Excerpt from the book "Scale: The Universal Laws of Life, Growth, and Death in Organisms, Cities, Companies" by Geoffrey West.
Published by Penguin Books, 2017.
pages 108-110
To varying degrees, all theories and models are incomplete. They need to be continually tested and challenged by increasingly accurate experiments and observational data over wider and wider domains and the theory modified or extended accordingly. This is an essential ingredient in the scientific method. Indeed, understanding the boundaries of their applicability, the limits to their predictive power, and the ongoing search for exceptions, violations, and failures has provoked even deeper questions and challenges, stimulating the continued progress of science and the unfolding of new ideas, techniques, and concepts.
A major challenge in constructing theories and models is to identify the important quantities that capture the essential dynamics at each organizational level of a system. For instance, in thinking about the solar system, the masses of the planets and the sun are clearly of central importance in determining the motion of the planets, but their color (Mars red, the Earth mottled blue, venus white, etc.) is irrelevant: the color of the planets is irrelevant for calculating the details of their motion.

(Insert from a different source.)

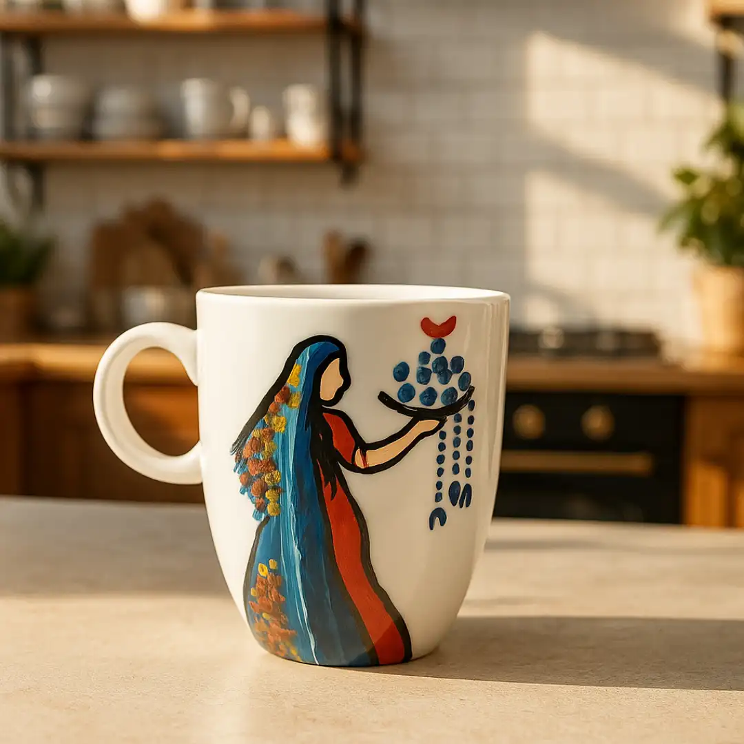 Hand painted porcelain mugs with heritage scenes of Egypt

Similarly, we don't need to know the color of the satellites that allow us to communicate on our cell phones when calculating their detailed motion.
However, this is clearly a scale-dependent statement in that if we look at the Earth from a very close distance of, say, just a few miles above its surface rather than from millions of miles away in space, then what was perceived as its color is now revealed as a manifestation of the huge diversity of the Earth's surface phenomena, which include everything from mountains and rivers to lions, oceans, cities, forests, and us. So what was irrelevant at one scale can become dominant at another. The challenge at every level of observation is to abstract the important variables that determine the dominant behavior of the system.
Physicists have coined a concept to help formalize a first step in this approach, which they call a "toy model”. The strategy is to simplify a complicated system by abstracting its essential components, represented by a small number of dominant variables, from which its leading behavior can be determined. A classic example is the idea first proposed in the nineteenth century that gases are composed of molecules, viewed as hard little billiard balls, that are rapidly moving and colliding with one another and whose collisions with the surface of a container are the origin of what we identify as pressure. What we call temperature is similarly identified as the average kinetic energy of the molecules. This was a highly simplified model which in detail is not strictly correct, though it captured and explained for the first time the essential macroscopic coarse-grained features of gases, such as their pressure, temperature, heat conductivity, and viscosity. As such, it provided the point of departure for developing our modern, significantly more detailed and precise understanding not only of gases, but of liquids and materials, by refining the basic model and ultimately incorporating the sophistication of quantum mechanics. This simplified toy model, which played a seminal role in the development of modern physics, is called the "kinetic theory of gases" and was first proposed independently by two of the greatest physicists of all time: James Clerk Maxwell, who unified electricity and magnetism into electromagnetism, thereby revolutionizing the world with his prediction of electromagnetic waves, and Ludwig Boltzmann, who brought us statistical physics and the microscopic understanding of entropy.
A concept related to the idea of a toy model is that of a "zeroth order" approximation of a theory, in which simplifying assumptions are similarly made in order to give a rough approximation of the exact result. It is usually employed in a quantitative context as, for example, in the statement that "a zeroth order estimate for the population of the Chicago metropolitan area in 2013 is l0 million people." Upon learning a little more about Chicago, one might make what could be called a "first order" estimate of its population of 9.5 million, which is more precise and closer to the actual number (whose precise value from census data is 9,537,289). One could imagine that after more detailed investigation,an even better estimate would yield 9.54 million, which would be called a "second order" estimate. You get the idea: each succeeding "order" represents a refinement, an improved approximation, or a finer resolution that converges to the exact result based on more detailed investigation and analysis. In what follows, I shall be using the terms "coarse-grained" and "zeroth order" interchangeably.
This was the philosophical framework that Jim, Brian and I were exploring when we embarked on our collaboration. Could we first construct a coarse grained zeroth order theory for understanding the plethora of quarter-power allometric scaling relations based on generic underlying principles that would capture the essential features of organisms? And could we then use it as a point of departure for quantitatively deriving more refined predictions,the higher order corrections, for understanding the dominant behavior of real biological systems?
I later learned that compared with the majority of biologists, Jim and Brian were the exception rather than the rule in appreciating this approach. Despite some of the seminal contributions that physics and physicists have made to biology, a prime example being the unraveling of the structure of DNA, many biologists appear to retain a general suspicion and lack of appreciation of theory and mathematical reasoning.